*** DATA SUPPLIED ***

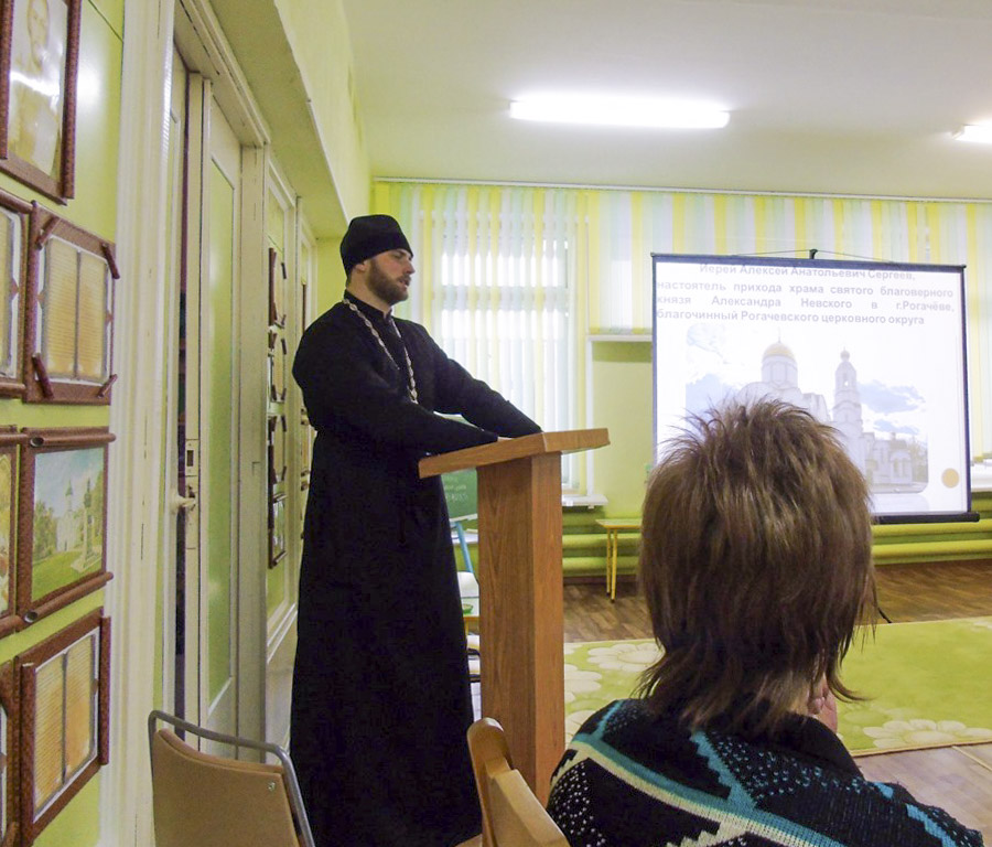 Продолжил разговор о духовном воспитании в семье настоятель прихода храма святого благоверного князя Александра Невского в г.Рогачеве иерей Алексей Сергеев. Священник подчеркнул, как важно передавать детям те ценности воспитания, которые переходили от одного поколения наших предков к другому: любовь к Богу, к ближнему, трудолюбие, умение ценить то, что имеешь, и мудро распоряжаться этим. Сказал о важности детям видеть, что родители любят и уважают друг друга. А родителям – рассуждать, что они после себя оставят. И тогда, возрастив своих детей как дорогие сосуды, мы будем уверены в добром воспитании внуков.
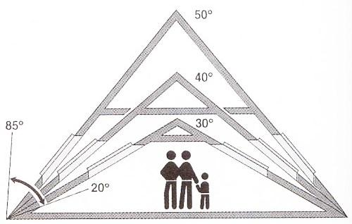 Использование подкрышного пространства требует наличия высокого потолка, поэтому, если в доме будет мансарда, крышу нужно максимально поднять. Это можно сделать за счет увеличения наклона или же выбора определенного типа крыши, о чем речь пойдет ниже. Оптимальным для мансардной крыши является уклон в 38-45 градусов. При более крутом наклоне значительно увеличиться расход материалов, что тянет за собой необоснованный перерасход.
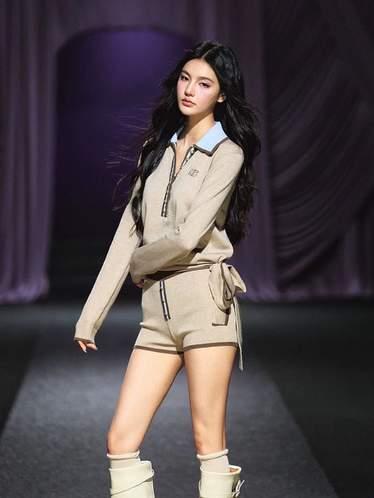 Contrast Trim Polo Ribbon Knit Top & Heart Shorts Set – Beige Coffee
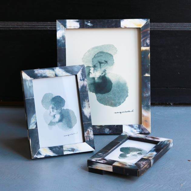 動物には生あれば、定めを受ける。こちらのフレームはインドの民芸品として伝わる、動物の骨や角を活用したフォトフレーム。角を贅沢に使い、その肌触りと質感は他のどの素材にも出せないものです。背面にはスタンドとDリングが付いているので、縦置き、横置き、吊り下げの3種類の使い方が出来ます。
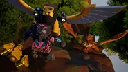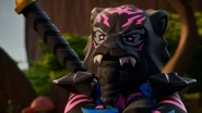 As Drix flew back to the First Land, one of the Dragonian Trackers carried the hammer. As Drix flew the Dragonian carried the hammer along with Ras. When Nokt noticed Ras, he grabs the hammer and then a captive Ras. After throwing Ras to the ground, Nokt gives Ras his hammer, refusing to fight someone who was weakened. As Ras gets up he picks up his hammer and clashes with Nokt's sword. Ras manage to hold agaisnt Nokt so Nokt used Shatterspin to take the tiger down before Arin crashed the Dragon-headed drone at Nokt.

*** End of DATA SUPPLIED ***

→ WHAT YOU NEED TO DO: Print, without pictures, exactly the lines from the one containing "Использование подкрышного пространства" through the final line of the records above.

→ TASK OUTPUT:
 Использование подкрышного пространства требует наличия высокого потолка, поэтому, если в доме будет мансарда, крышу нужно максимально поднять. Это можно сделать за счет увеличения наклона или же выбора определенного типа крыши, о чем речь пойдет ниже. Оптимальным для мансардной крыши является уклон в 38-45 градусов. При более крутом наклоне значительно увеличиться расход материалов, что тянет за собой необоснованный перерасход.
 Contrast Trim Polo Ribbon Knit Top & Heart Shorts Set – Beige Coffee
 動物には生あれば、定めを受ける。こちらのフレームはインドの民芸品として伝わる、動物の骨や角を活用したフォトフレーム。角を贅沢に使い、その肌触りと質感は他のどの素材にも出せないものです。背面にはスタンドとDリングが付いているので、縦置き、横置き、吊り下げの3種類の使い方が出来ます。
 As Drix flew back to the First Land, one of the Dragonian Trackers carried the hammer. As Drix flew the Dragonian carried the hammer along with Ras. When Nokt noticed Ras, he grabs the hammer and then a captive Ras. After throwing Ras to the ground, Nokt gives Ras his hammer, refusing to fight someone who was weakened. As Ras gets up he picks up his hammer and clashes with Nokt's sword. Ras manage to hold agaisnt Nokt so Nokt used Shatterspin to take the tiger down before Arin crashed the Dragon-headed drone at Nokt.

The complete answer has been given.